■ About this task: Copy the data exactly. Images are to be left out.

■ Given information:

###

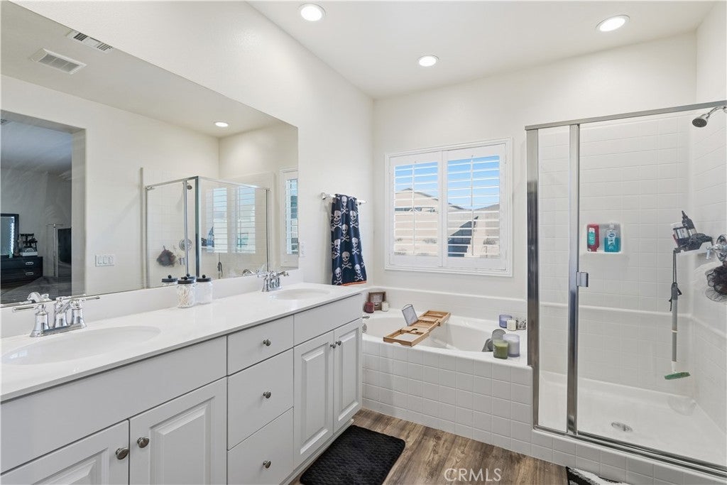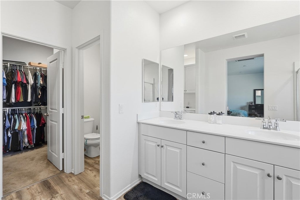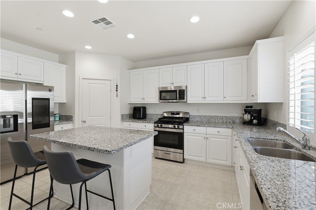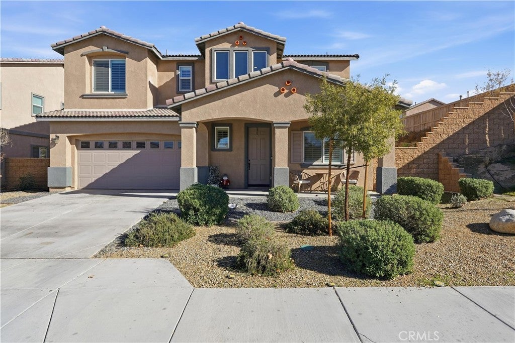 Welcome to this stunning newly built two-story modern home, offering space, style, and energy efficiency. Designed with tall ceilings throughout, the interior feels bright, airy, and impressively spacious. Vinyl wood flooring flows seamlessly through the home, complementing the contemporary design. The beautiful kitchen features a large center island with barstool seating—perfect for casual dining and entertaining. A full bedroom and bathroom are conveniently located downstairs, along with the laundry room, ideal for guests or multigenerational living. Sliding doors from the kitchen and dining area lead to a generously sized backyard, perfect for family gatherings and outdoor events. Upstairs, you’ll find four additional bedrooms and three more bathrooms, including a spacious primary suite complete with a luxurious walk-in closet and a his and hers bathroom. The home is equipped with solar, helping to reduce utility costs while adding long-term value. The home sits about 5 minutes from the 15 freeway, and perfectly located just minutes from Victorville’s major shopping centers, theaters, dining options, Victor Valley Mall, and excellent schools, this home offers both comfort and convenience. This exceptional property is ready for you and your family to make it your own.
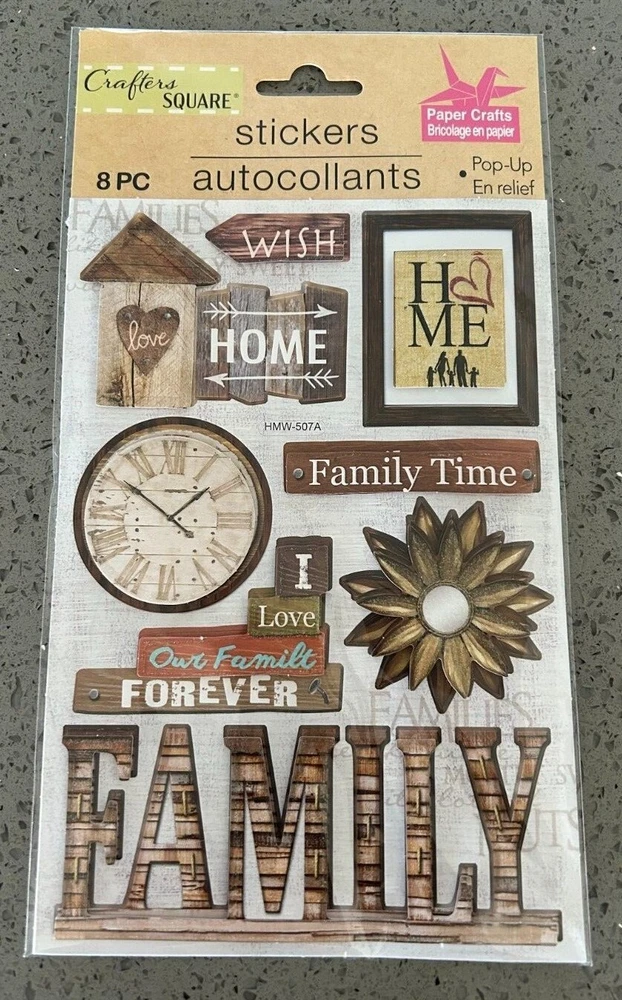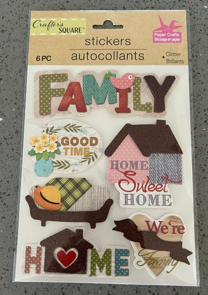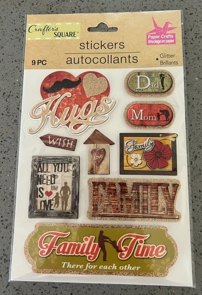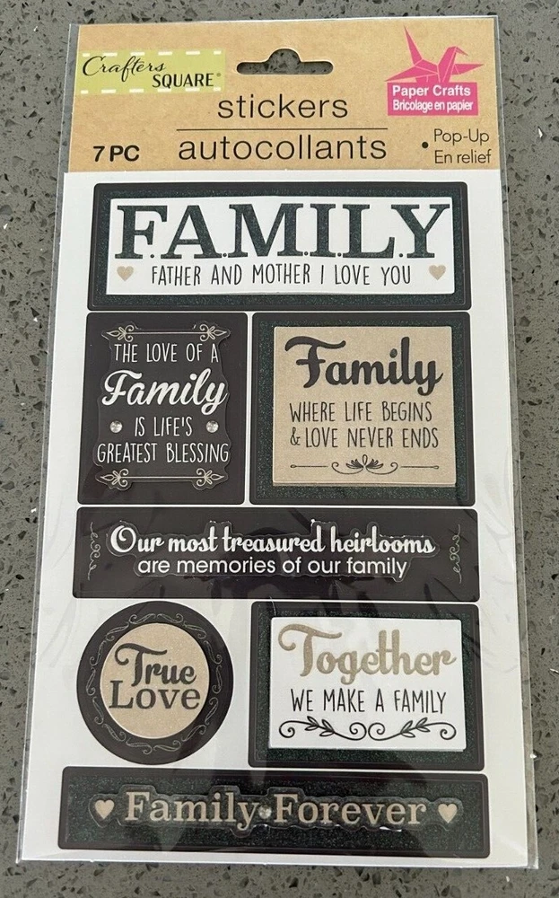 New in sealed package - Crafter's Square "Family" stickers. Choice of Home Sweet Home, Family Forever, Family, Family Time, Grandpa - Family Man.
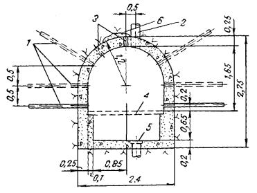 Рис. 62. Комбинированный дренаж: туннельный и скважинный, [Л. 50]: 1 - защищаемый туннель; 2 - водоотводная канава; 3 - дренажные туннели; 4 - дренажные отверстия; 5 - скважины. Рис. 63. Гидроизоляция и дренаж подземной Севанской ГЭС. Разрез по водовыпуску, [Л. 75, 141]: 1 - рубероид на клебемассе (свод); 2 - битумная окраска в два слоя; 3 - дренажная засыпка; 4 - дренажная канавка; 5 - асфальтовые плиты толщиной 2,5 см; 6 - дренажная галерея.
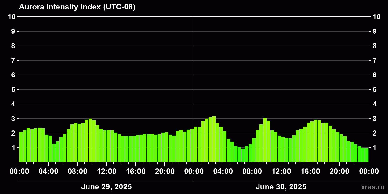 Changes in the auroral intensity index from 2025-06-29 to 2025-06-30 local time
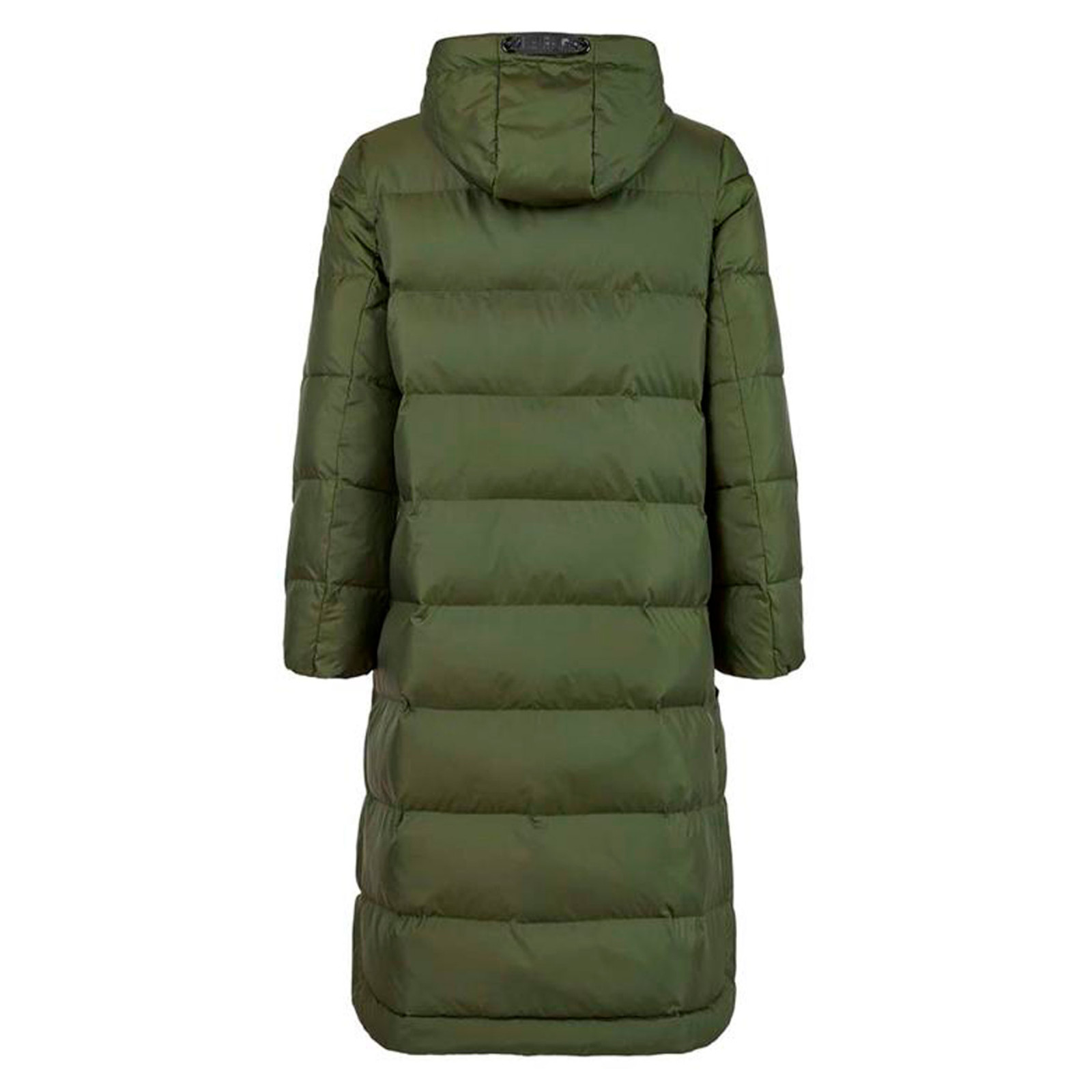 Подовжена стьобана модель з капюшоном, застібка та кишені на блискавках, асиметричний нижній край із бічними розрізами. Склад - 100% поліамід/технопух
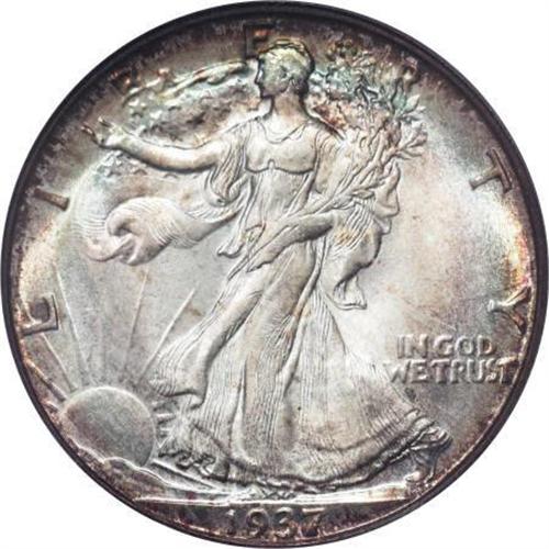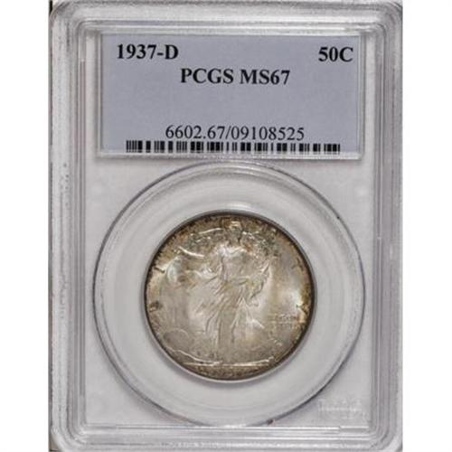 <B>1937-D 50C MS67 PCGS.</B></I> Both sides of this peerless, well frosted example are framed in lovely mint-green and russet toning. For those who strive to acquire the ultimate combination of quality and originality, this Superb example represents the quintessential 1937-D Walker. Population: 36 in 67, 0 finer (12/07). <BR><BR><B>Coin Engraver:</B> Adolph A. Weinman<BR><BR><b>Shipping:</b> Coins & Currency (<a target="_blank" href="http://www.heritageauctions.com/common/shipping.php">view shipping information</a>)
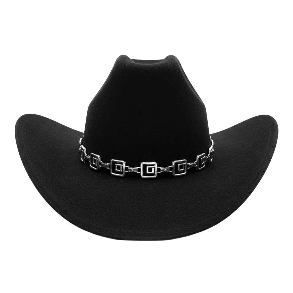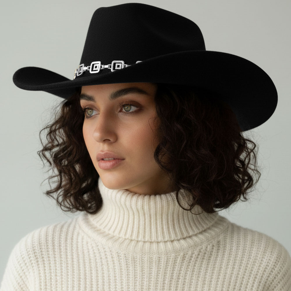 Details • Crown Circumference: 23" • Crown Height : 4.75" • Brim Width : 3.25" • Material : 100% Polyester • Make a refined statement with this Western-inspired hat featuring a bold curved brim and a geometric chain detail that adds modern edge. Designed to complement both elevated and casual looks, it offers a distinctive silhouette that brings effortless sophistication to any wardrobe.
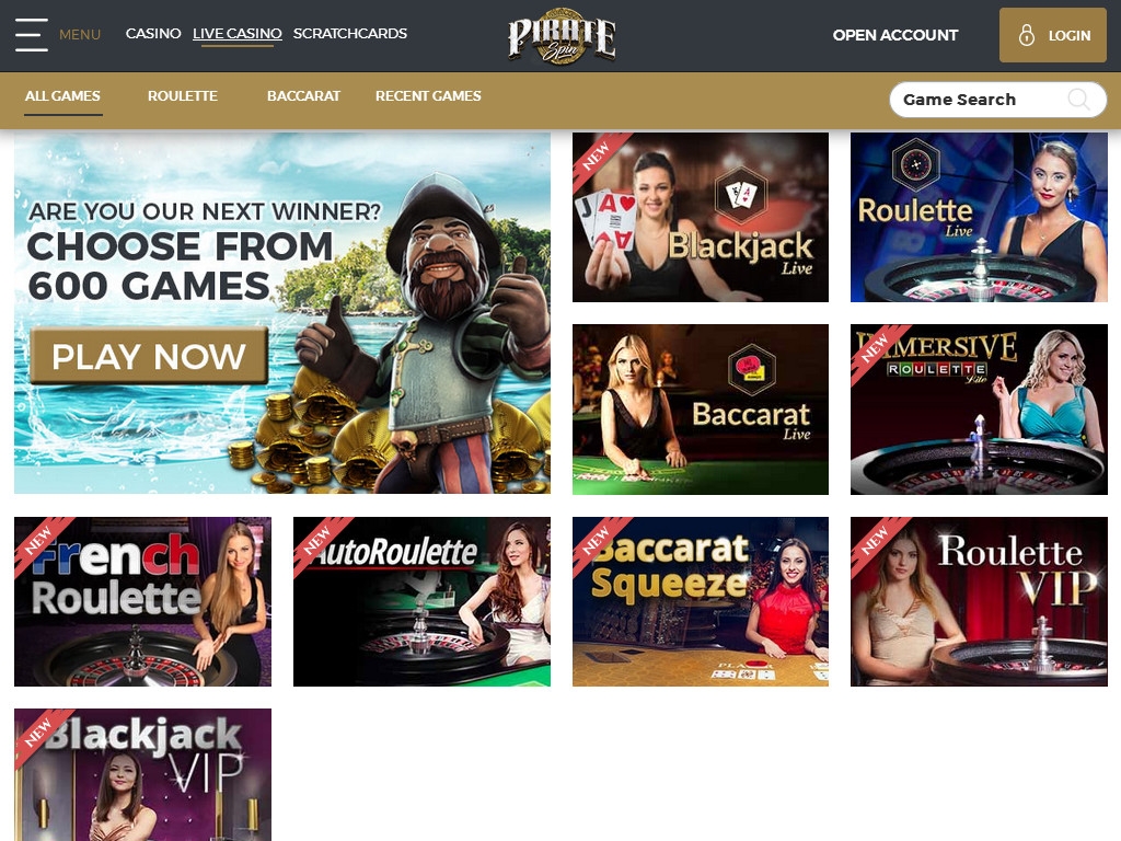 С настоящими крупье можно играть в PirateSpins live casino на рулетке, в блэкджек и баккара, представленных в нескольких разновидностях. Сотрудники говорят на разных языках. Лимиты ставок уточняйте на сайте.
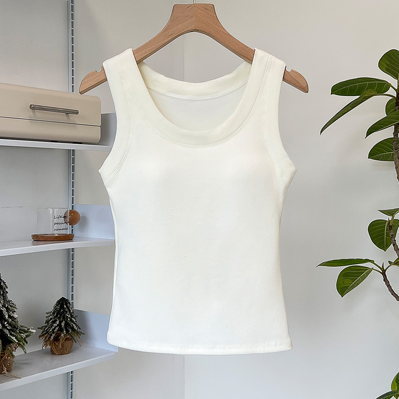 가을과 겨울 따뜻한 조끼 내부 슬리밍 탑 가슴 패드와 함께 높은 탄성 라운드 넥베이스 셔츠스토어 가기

###

■ Task solution:
 Welcome to this stunning newly built two-story modern home, offering space, style, and energy efficiency. Designed with tall ceilings throughout, the interior feels bright, airy, and impressively spacious. Vinyl wood flooring flows seamlessly through the home, complementing the contemporary design. The beautiful kitchen features a large center island with barstool seating—perfect for casual dining and entertaining. A full bedroom and bathroom are conveniently located downstairs, along with the laundry room, ideal for guests or multigenerational living. Sliding doors from the kitchen and dining area lead to a generously sized backyard, perfect for family gatherings and outdoor events. Upstairs, you’ll find four additional bedrooms and three more bathrooms, including a spacious primary suite complete with a luxurious walk-in closet and a his and hers bathroom. The home is equipped with solar, helping to reduce utility costs while adding long-term value. The home sits about 5 minutes from the 15 freeway, and perfectly located just minutes from Victorville’s major shopping centers, theaters, dining options, Victor Valley Mall, and excellent schools, this home offers both comfort and convenience. This exceptional property is ready for you and your family to make it your own.
 New in sealed package - Crafter's Square "Family" stickers. Choice of Home Sweet Home, Family Forever, Family, Family Time, Grandpa - Family Man.
 Рис. 62. Комбинированный дренаж: туннельный и скважинный, [Л. 50]: 1 - защищаемый туннель; 2 - водоотводная канава; 3 - дренажные туннели; 4 - дренажные отверстия; 5 - скважины. Рис. 63. Гидроизоляция и дренаж подземной Севанской ГЭС. Разрез по водовыпуску, [Л. 75, 141]: 1 - рубероид на клебемассе (свод); 2 - битумная окраска в два слоя; 3 - дренажная засыпка; 4 - дренажная канавка; 5 - асфальтовые плиты толщиной 2,5 см; 6 - дренажная галерея.
 Changes in the auroral intensity index from 2025-06-29 to 2025-06-30 local time
 Подовжена стьобана модель з капюшоном, застібка та кишені на блискавках, асиметричний нижній край із бічними розрізами. Склад - 100% поліамід/технопух
 <B>1937-D 50C MS67 PCGS.</B></I> Both sides of this peerless, well frosted example are framed in lovely mint-green and russet toning. For those who strive to acquire the ultimate combination of quality and originality, this Superb example represents the quintessential 1937-D Walker. Population: 36 in 67, 0 finer (12/07). <BR><BR><B>Coin Engraver:</B> Adolph A. Weinman<BR><BR><b>Shipping:</b> Coins & Currency (<a target="_blank" href="http://www.heritageauctions.com/common/shipping.php">view shipping information</a>)
 Details • Crown Circumference: 23" • Crown Height : 4.75" • Brim Width : 3.25" • Material : 100% Polyester • Make a refined statement with this Western-inspired hat featuring a bold curved brim and a geometric chain detail that adds modern edge. Designed to complement both elevated and casual looks, it offers a distinctive silhouette that brings effortless sophistication to any wardrobe.
 С настоящими крупье можно играть в PirateSpins live casino на рулетке, в блэкджек и баккара, представленных в нескольких разновидностях. Сотрудники говорят на разных языках. Лимиты ставок уточняйте на сайте.
 가을과 겨울 따뜻한 조끼 내부 슬리밍 탑 가슴 패드와 함께 높은 탄성 라운드 넥베이스 셔츠스토어 가기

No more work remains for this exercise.